Kriteria Rumah Layak Huni

BPS menentukan kelayakan sebuah hunian berdasarkan empat komponen utama: ketahanan bangunan, kecukupan luas lantai per kapita, serta akses terhadap air minum dan sanitasi layak. Komponen sanitasi dan ketahanan bangunan masih menjadi sorotan. Amalia menyebut masih ada praktik buang air besar sembarangan di sejumlah provinsi seperti Papua Pegunungan, Papua Tengah, dan Papua Selatan. Selain itu, penggunaan atap asbes yang tidak memenuhi syarat kesehatan masih marak, bahkan sekitar 55 persen rumah di DKI Jakarta menggunakan bahan ini.

Meski masih banyak PR, secara nasional ada kemajuan. Persentase rumah tangga yang memiliki akses terhadap rumah layak huni meningkat dari 68,4 persen pada 2025 menjadi 70,3 persen pada Maret 2026. “Dengan kata lain, sebanyak 70 dari 100 rumah tangga di Indonesia telah memiliki akses terhadap rumah layak huni,” ujar Amalia.
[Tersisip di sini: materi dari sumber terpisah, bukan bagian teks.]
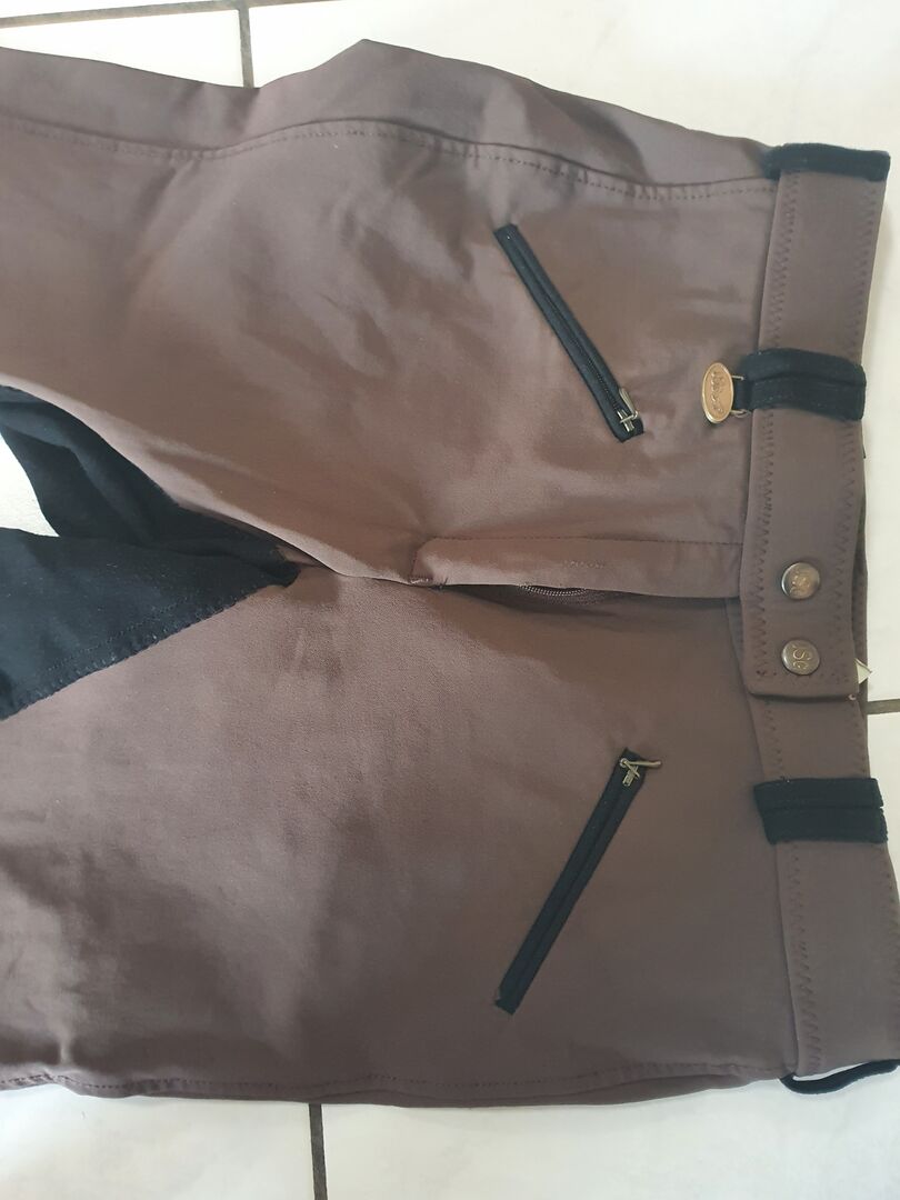 Jodhpur rijbroek van USG bruin-zwart - Zelden gedragen jodhpur rijbroek van USG in maat 42 te koop. Helaas zit er pilling op het zitvlak en op de dijen, ik denk dat het komt door de bontbekleding van mijn zadel. Voor de rest is de bruine broek met de zwarte bies in prima staat, ik rijd alleen liever met een rijbroek.

Sebaran dan Respons Pemerintah

Dari sisi sebaran wilayah, perbaikan kualitas hunian terjadi hampir merata. Dari 38 provinsi, sebanyak 37 provinsi mencatatkan penurunan angka rumah tidak layak huni. Jawa Barat menjadi provinsi dengan jumlah backlog 2 tertinggi, sementara Kalimantan Utara menjadi yang terendah dengan hanya sekitar 33 ribu rumah tangga.

Merespons data ini, Menteri Perumahan dan Kawasan Permukiman (PKP) Maruarar Sirait menyebut bahwa masih banyak PR yang harus diselesaikan pemerintah. “Masih banyak rakyat Indonesia yang belum memiliki rumah. Masih jutaan rakyat Indonesia yang rumahnya perlu diperbaiki. Jadi PR kami masih banyak sekali,” ujar Maruarar.

Pemerintah pun mulai bergerak dengan meningkatkan target program Bantuan Stimulan Perumahan Swadaya (BSPS) atau bedah rumah dari 45 ribu menjadi 400 ribu unit pada 2026. Sepanjang Semester I-2026, 88.635 unit rumah tidak layak huni telah mendapat bantuan bedah rumah. Langkah ini dinilai Amalia selaras dengan data statistik yang menunjukkan perlunya percepatan penurunan angka backlog 2.

Di tingkat lokal, program ini mulai diimplementasikan, seperti di Kecamatan Cakung, Jakarta Timur, yang akan mendapat perbaikan 356 unit rumah mulai 18 Agustus 2026. Syarat penerima bantuan juga dipermudah, masa tinggal minimal di RTLH dipangkas dari tiga tahun menjadi satu tahun.